In Chaucer's time, as in a lesser degree today, a second marriage was considered sinful. The Wife's Prologue has been described, therefore, as a revolutionary document. This is why Chaucer has the Wife so carefully review the words of God as revealed in scripture. Nowhere, she confesses, can she find a stricture against more than one marriage save the rebuke Jesus gave the woman of Samaria about her five husbands. But this, she confesses, she cannot understand.

There was also, in Chaucer's time, considerable praise for perpetual virginity. The Wife now departs from holy writ and appeals to common sense. If everyone should practice virginity, who is to beget more virgins?

The truly remarkable aspect of The Wife of Bath's Prologue however, is not her argument with the mores of her time, but the very wonderful portrait of a human being. She tells the company she married her first three husbands for their money, and each of them died in an effort to satisfy her lust. Her fourth was a reveler who made her jealous and the fifth a young man who tried to lord it over her and when she had mastered him, he ungraciously died. Surely, she moralizes, is this not the tribulation of marriage?

Despite her brash accounting of marriage, one gets the impression she is not sure of herself when she exclaims, "Alas, that every love was sin!"

Chaucer has given us a portrait of an immoral woman, a coarse creature to shock her age. But the author does not apologize for her. He leaves the moral arguments in balance. One can only conclude that he believes that unbridled sensuousness is not the key to happiness.

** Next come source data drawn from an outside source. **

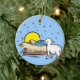Ornamento bonitos da árvore de Natal que caracterizam um bebê Jesus que coloca em um comedoiro com um carneiro que olha sobre ele. Decore sua árvore de Natal com nossos ornamento bonitos que podem ser personalizados por você.
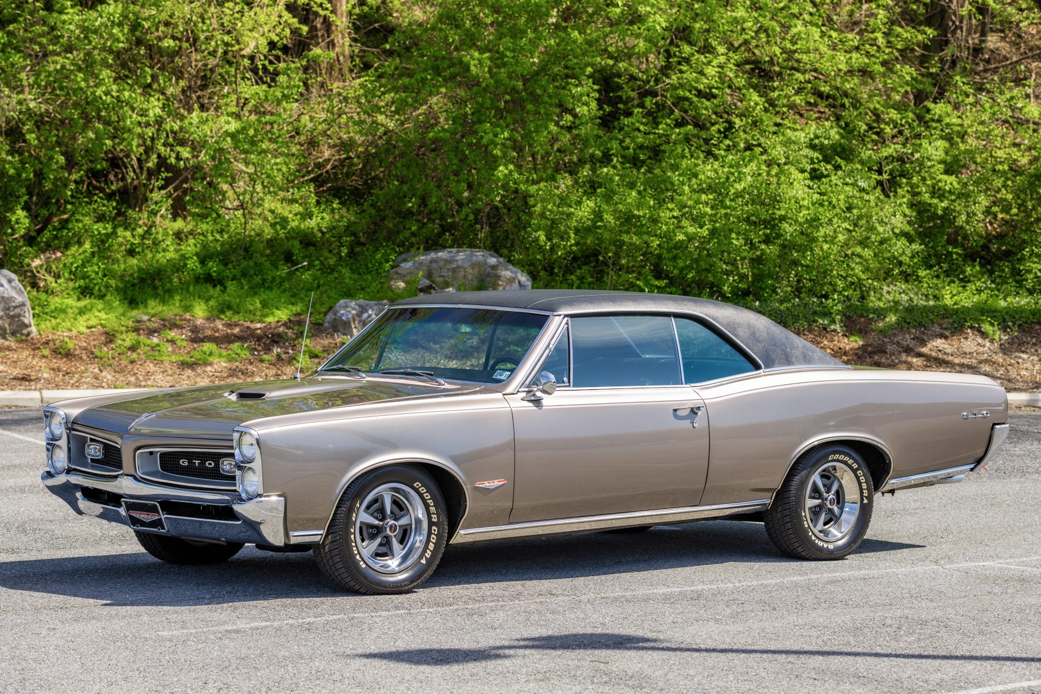 The Rally II 15″ wheels were refinished during the refurbishment and feature chrome trim rings and 245/60 Cooper Cobra Radial G/T tires. The car is equipped with power steering, and stopping is provided by four-wheel drum brakes.
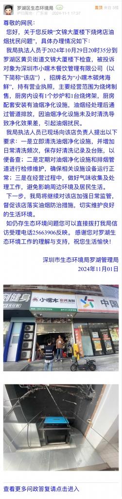 我局执法人员于2024年10月29日20时35分到罗湖区黄贝街道文锦大厦楼下检查,被投诉对象为深圳市小嘿木餐饮管理有限公司(以下简称“该店”),招牌名为“小嘿木碳烤海鲜”,持有营业执照,主要经营范围为烧烤制售,厨房内设有1个炒炉和1台烧烤架,厨房配套安装有油烟净化设施,油烟经处理后通过管道排放,因油烟净化设施未及时清洗导致净化效果差,引起油烟扰民。

The Wife of Bath's Tale simply underscores the Prologue. Here she again pleads for the emancipation of women in the Middle Ages. Many authorities believe that it was not Chaucer's intention to change the filthy hag literally into a beautiful woman. Rather it is a change from a kind of ugliness into a kind of beauty. Similar tales were widespread in Chaucer's time and he has done little to disguise the fact that he borrowed heavily from them in devising his story.